Very nice work Donnie!
Donnie, can you tell me what that spring-to-frame 6 hole mounting is all about? I can't see any advantage/dis-advantage in its use, other than perhaps stiffening up the spring a bit. Never seen anything like it before.
Allan from down under.
Glad you asked Allen as I was wondering the same thing. Not sure I've ever seen that before either! It seems like it would be possible to inadvertently over-tighten those U-bolt nuts to the point of putting quite a bit of strain on the weak center portion of the crossmember where the square hole is,......??? I'm sure that just the usual casting with the two nuts in the center is sufficient. Maybe the one with the additional two U-bolts has to do with an accessory such as a PTO,.....???
Actually, in looking at the one photo of that casting, I see that it is not a flat surface where the top spring leaf bears against the casting, but it is cast with a slight curvature to match the curve of the top leaf, so I take back what I said about possible strain on the cross member. Looks like a well designed/engineered part, but it sure looks like "belt & suspenders" overkill to me on a speedster! I'm still thinking it's designed to mount some sort of accessory/implement/PTO or something,.......harold
Dang it! I meant BOTTOM leaf!
Harold and Allen: I agree it is probably an over kill type of thing. I have a couple of these double clamps, and have had several thru the years. It is another of the aftermarket accessories from back in the day. I have always believed it was an "answer" to the "two nut" later type of clamp. After years of the "two U-bolt 4 nut" type of clamp, there may have been a worry of the later 2 nut type being weak. This may have just been a retro-fit to fix a problem that did not exist. That is one of the reasons why a lot of the aftermarket items being made and sold. Harold you are correct about the curve where it meets the bottom leaf. It is machined in a curve. I have lots of different types of accessory items to use on the speedster. I do not want to put too much on it and make it overloaded with accessories, but if I can think of a reason for its use Ill use it. My reasoning for why a "speedster owner" from back in the day choosing to use this, is to strengthen the front clamp area and possibly have less "body roll" .?? And it just looks different.
I don't like those later "2-nut" front motor mounts. Most of them you encounter these days have stripped threads. I think the addition of that aftermarket lower plate with the 2 U-bolts is a good idea.

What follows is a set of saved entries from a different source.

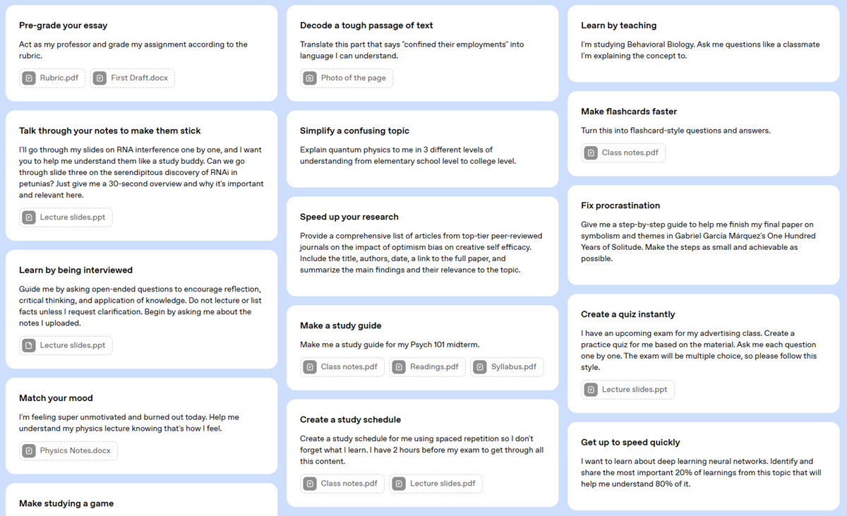 Στην κατηγορία των σπουδών, οι φοιτητές χρησιμοποιούν το ChatGPT ως έναν εξατομικευμένο, διαδραστικό δάσκαλο. Αντί να ζητούν έτοιμες απαντήσεις, αναθέτουν στο AI συγκεκριμένους ρόλους. Εντολές όπως «Παίξε τον ρόλο του Σωκράτη και βοήθησέ με να κατανοήσω ένα θέμα κάνοντας ερωτήσεις» ή «Εξήγησέ μου τη Θεωρία της Σχετικότητας σαν να ήμουν πέντε ετών» κυριαρχούν. Αυτή η προσέγγιση, γνωστή ως “Study Mode”, ενθαρρύνει την κριτική σκέψη αντί της παθητικής κατανάλωσης πληροφοριών. Άλλες δημοφιλείς εντολές περιλαμβάνουν τη δημιουργία εξατομικευμένων προγραμμάτων μελέτης, την εύρεση των δυνατών και αδύναμων σημείων ενός επιχειρήματος για προετοιμασία debate, ή ακόμα και απλές εργασίες όπως η εύρεση συνωνύμων για τη λέξη “sophisticated”.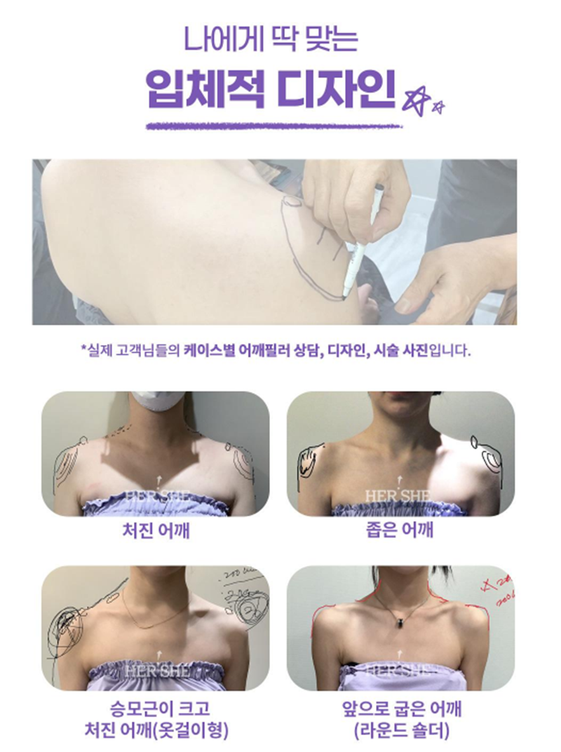 어깨필러 상담 전 체크해야 할 5가지 어깨라인은 생각보다 인상에 큰 영향을 주는 부위입니다. 쇄골에서 어깨로 이어지는 곡선, 목과 연결되는 각도에 따라 상체 비율이 달라 보일 수 있습니다. 최근 운동만으로 보완이 어려운 경우 어깨필러 상담을 고민하는 분들이 늘고 있습니다. 하지만 단순히 “직각 어깨를 만들고 싶다”는 이유만으로 결정을 서두르기보다는, 몇 가지 중요한 체크 포인트를 먼저 확인하는 것이 필요합니다. 오늘은 허쉬성형외과 기준으로 어깨필러 상담 전 꼭 확인해야 할 5가지를 정리해드립니다. 1. 내 어깨가 좁아 보이는 이유는? 어깨가 좁아 보이는 이유는 단순하지 않습니다. 1. 쇄골 길이 차이2. 송모근 발달 정도3. 어깨 뼈 위치4. 체지방 분포5. 자세 습관등 여러 요소가 영향을 줍니다. 따라서 무조건 볼륨을 더하는 방식이 아니라 원인이구조적인지, 근육 문제인지, 체형 균형 문제인지 먼저 확인하는 과정이 중요합니다.2. 어깨필러가 적합한 체형인지 확인하기 어깨필러는 주로 쇄골 라인이 약해 보이는 경우, 어깨 상부가 움푹 들어가 보이는 경우, 직각 느낌이 부족해 상체가 왜소해 보이는 경우 상담 대상이 될 수 있습니다. 하지만 근육이 과도하게 발달한 경우에는 승모근 보톡스가 먼저 고려될 수 있고, 전체 체형 균형이 필요한 경우에는 다른 접근이 더 적합할 수 있습니다. 3. 과한 볼륨보다 중요한 "자연스러운 연결" 어깨필러는 단순히 넓게 만드는 시술이 아닙니다. 쇄골에서 어깨까지 부드럽게 이어지는 라인, 목과 어깨 각도의 균형, 좌우 대칭이 더 중요합니다. 과도한 볼륨은 오히려 부자연스러운 인상을 줄 수 있기 때문에 정밀한 디자인과 용량 조절이 필요합니다. 4. 유지기간과 개인차 이해하기 어깨필러는 사용하는 필러 종류와 개인의 대사 속도에 따라 유지 기간에 차이가 있습니다. 또한 운동 습관, 체중 변화, 자세에 따라서도 유지 양상이 달라질 수 있습니다. 따라서 상담 시에는 기대하는 변화 정도와 유지에 대한 이해를 충분히 나누는 것이 중요합니다.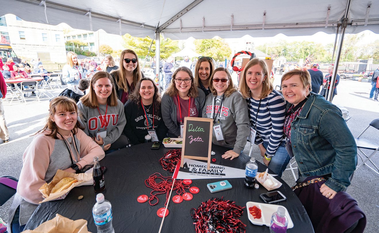 Delta Zeta tailgate gathering, from left: Katie Flack ’19, Katherine Bleile ’18, Katie Kuckelheim ’19, Hayley Glessner ’19, Charlotte Gross ’20, Denise (Sabo) Brenner ’00, Traci Kennedy-Brockfield ’01, Laura McCunn-Jordan ’01, and Carrie (Lippert) Reinhardt ’94.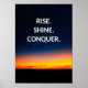 Rise. Shine. Conquer. Inspirational life Quotes or motivational business sayings with a night sky photography of the milky way and stars in space are perfect leaders into success, productivity and discipline if you have passion and the right mindset.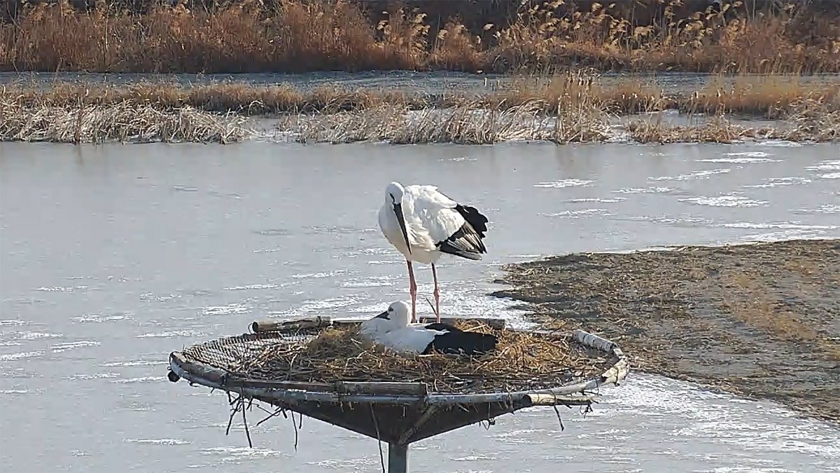 해당 황새 부부는 지난 2023년 야생 수컷과 방사 개체 암컷이 짝을 이룬 것으로 서산버드랜드에 마련된 둥지에 서식하고 있다.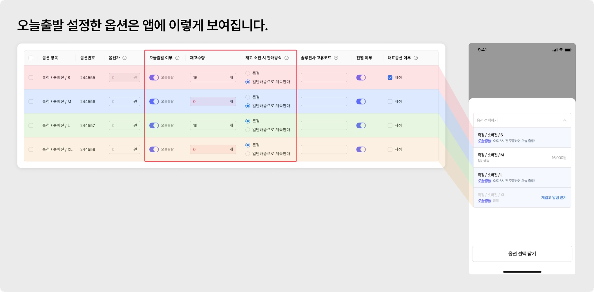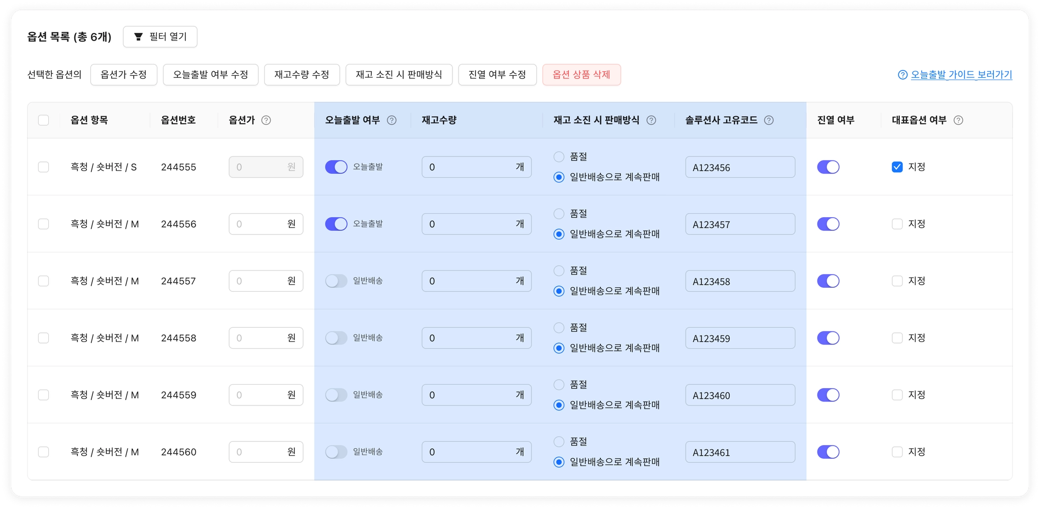 오늘출발로 판매 가능한 옵션만 오늘출발로 설정해 주세요.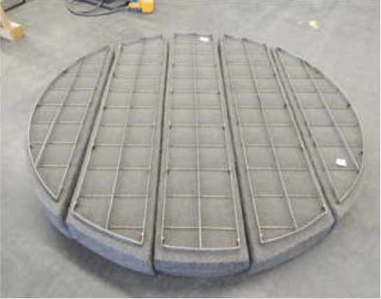 Meshpad demister is fabricated by knitting a fine metal wire into a mist-eliminating device. Meshpad mist eliminator will coalescer smaller liquid droplets into larger sizes that would then fall out by gravity, resulting in dryer gas.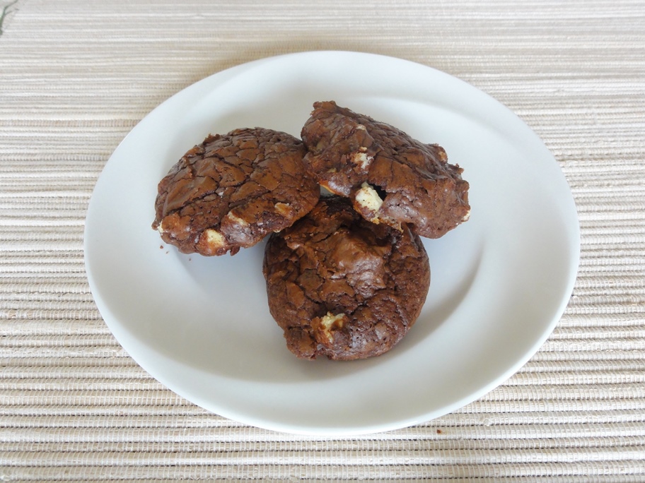 Given how happy I was with the Double Chocolate Walnut Cookies I was not surprised to be delighted with this slight modification to that recipe. The chocolate cookie base is fairly strong so the flavor of the white chocolate doesn’t always come through, usually it’s more of a hint, so it might be worth upping the quantity of chocolate chips depending on your preference for white chocolate.

Ran across this adv for the accessory spring plate you put on the speedster.
Thought you would enjoy!
Seems very practical to me, would like to find one at a swap meet sometime.....would put it to use too!
Dan, thanks for the pic of the ad. I have seen a few of these thru the years and have had several. Ill look and see if I still have another one. If so Ill let you know. Im not going to be able to use this one on the speedster. It just does not like the Laurel Bracket setup. Ill put it on the Montgomery Ward tractor conversion now. I do not believe the Laurel set up will work with just the two nut Y type either. It is designed to work with the early Ford four nut 2 U-Bolt style.
Here's the accessory of the day thread link on the clamp.
Do you have a peerless radiator for that shell?
I think that that clamp will hold the center part of the spring more rigid. It will make the spring stiffer and will have less body roll. I like it. I want one to try. Maybe I can pick one up at Turlock. Scott
Nathan, I do have a Peerless "honeycomb" radiator as well as a couple more shells. It is in poor condition, and not useable, so it and one shell are just display items in the accessory collection.